Cyclodeaminase domain Edit Wikipedia article

FTCD_C
PDB 1o5h EBI.jpg
crystal structure of formiminotetrahydrofolate cyclodeaminase (tm1560) from thermotoga maritima at 2.80 a resolution
Identifiers
Symbol FTCD_C
Pfam PF04961
InterPro IPR007044
SCOP 1o5h
SUPERFAMILY 1o5h

In molecular biology, enzymes containing the cyclodeaminase domain function in channeling one-carbon units to the folate pool. In most cases, this domain acts as a formimidoyltetrahydrofolate cyclodeaminase, which catalyses the cyclisation of formimidoyltetrahydrofolate to methenyltetrahydrofolate as shown in reaction (1).

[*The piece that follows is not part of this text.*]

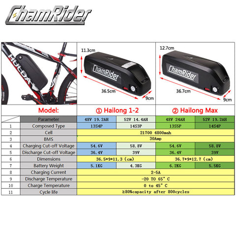 New Arrival Upgrade EBike Battery 21700 48V 52V 36V 28Ah 80Ah 52Ah ChamRider Electric Bicycle Battery Pack 1500W 1000W 500W Motor

In the methylotrophic bacterium Methylobacterium extorquens, however, it acts as a methenyltetrahydrofolate cyclohydrolase, which catalyses the interconversion of formyltetrahydrofolate and methylenetetrahydrofolate, as shown in reaction (2).[1]

(1) 5-formimidoyltetrahydrofolate = 5,10-methenyltetrahydrofolate + NH(3)

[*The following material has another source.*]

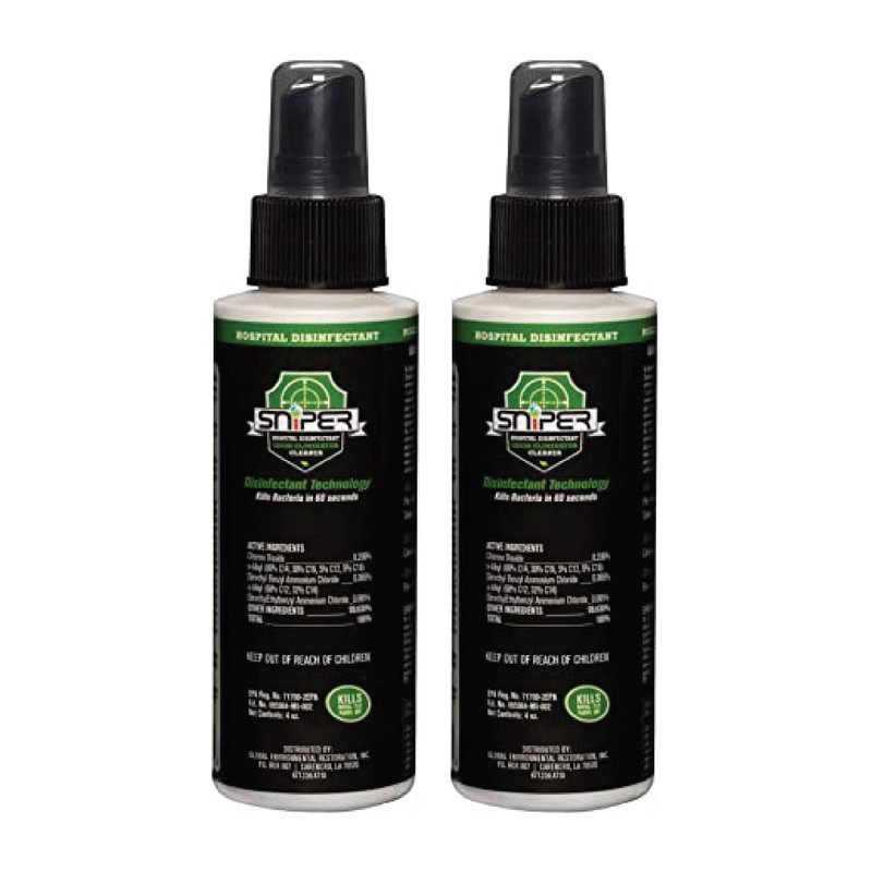SNiPER Hospital Disinfectant, Odor Eliminator & All-Purpose Cleaner, 4 Ounce Spray, 2-Pack

(2) 10- formyltetrahydrofolate = 5,10-methenyltetrahydrofolate + H(2)O

In prokaryotes, this domain mostly occurs on its own, while in eukaryotes it is fused to a glutamate formiminotransferase domain (which catalyses the previous step in the pathway) to form the bifunctional enzyme formiminotransferase cyclodeaminase.[2] The eukaryotic enzyme is a circular tetramer of homodimers, while the prokaryotic enzyme is a dimer.[1][3][4]

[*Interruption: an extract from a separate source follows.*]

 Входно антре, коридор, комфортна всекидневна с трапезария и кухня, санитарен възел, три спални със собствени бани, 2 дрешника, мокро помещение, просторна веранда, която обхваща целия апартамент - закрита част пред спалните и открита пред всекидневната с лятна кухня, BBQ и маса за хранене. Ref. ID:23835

The crystal structure of the cyclodeaminase enzyme from Thermaotogoa maritima has been studied.[4] It is a homodimer, where each monomer is composed of six alpha helices arranged in an up and down helical bundle, forming a novel fold. The location of the active site is not known, but sequence alignments revealed two clusters of conserved residues located in a deep pocket within the dimmer interface. This pocket was large enough to accommodate the reaction product and it was postulated that this is the active site.

References

  1. ^ a b Pomper BK, Vorholt JA, Chistoserdova L, Lidstrom ME, Thauer RK (April 1999). "A methenyl tetrahydromethanopterin cyclohydrolase and a methenyl tetrahydrofolate cyclohydrolase in Methylobacterium extorquens AM1". Eur. J. Biochem. 261 (2): 475–80. doi:10.1046/j.1432-1327.1999.00291.x. PMID 10215859. 
  2. ^ Murley LL, MacKenzie RE (August 1995). "The two monofunctional domains of octameric formiminotransferase-cyclodeaminase exist as dimers". Biochemistry. 34 (33): 10358–64. doi:10.1021/bi00033a006. PMID 7654689. 
  3. ^ MacKenzie RE, Aldridge M, Paquin J (October 1980). "The bifunctional enzyme formiminotransferase-cyclodeaminase is a tetramer of dimers". J. Biol. Chem. 255 (19): 9474–8. PMID 7410436. 
  4. ^ a b Xu Q, Schwarzenbacher R, McMullan D, Abdubek P, Ambing E, Biorac T, Canaves JM, Chiu HJ, Dai X, Deacon AM, DiDonato M, Elsliger MA, Godzik A, Grittini C, Grzechnik SK, Hampton E, Hornsby M, Jaroszewski L, Klock HE, Koesema E, Kreusch A, Kuhn P, Lesley SA, Levin I, Miller MD, Morse A, Moy K, Ouyang J, Page R, Quijano K, Reyes R, Robb A, Sims E, Spraggon G, Stevens RC, van den Bedem H, Velasquez J, Vincent J, von Delft F, Wang X, West B, White A, Wolf G, Zagnitko O, Hodgson KO, Wooley J, Wilson IA (March 2005). "Crystal structure of a formiminotetrahydrofolate cyclodeaminase (TM1560) from Thermotoga maritima at 2.80 A resolution reveals a new fold". Proteins. 58 (4): 976–81. doi:10.1002/prot.20364. PMID 15651027. 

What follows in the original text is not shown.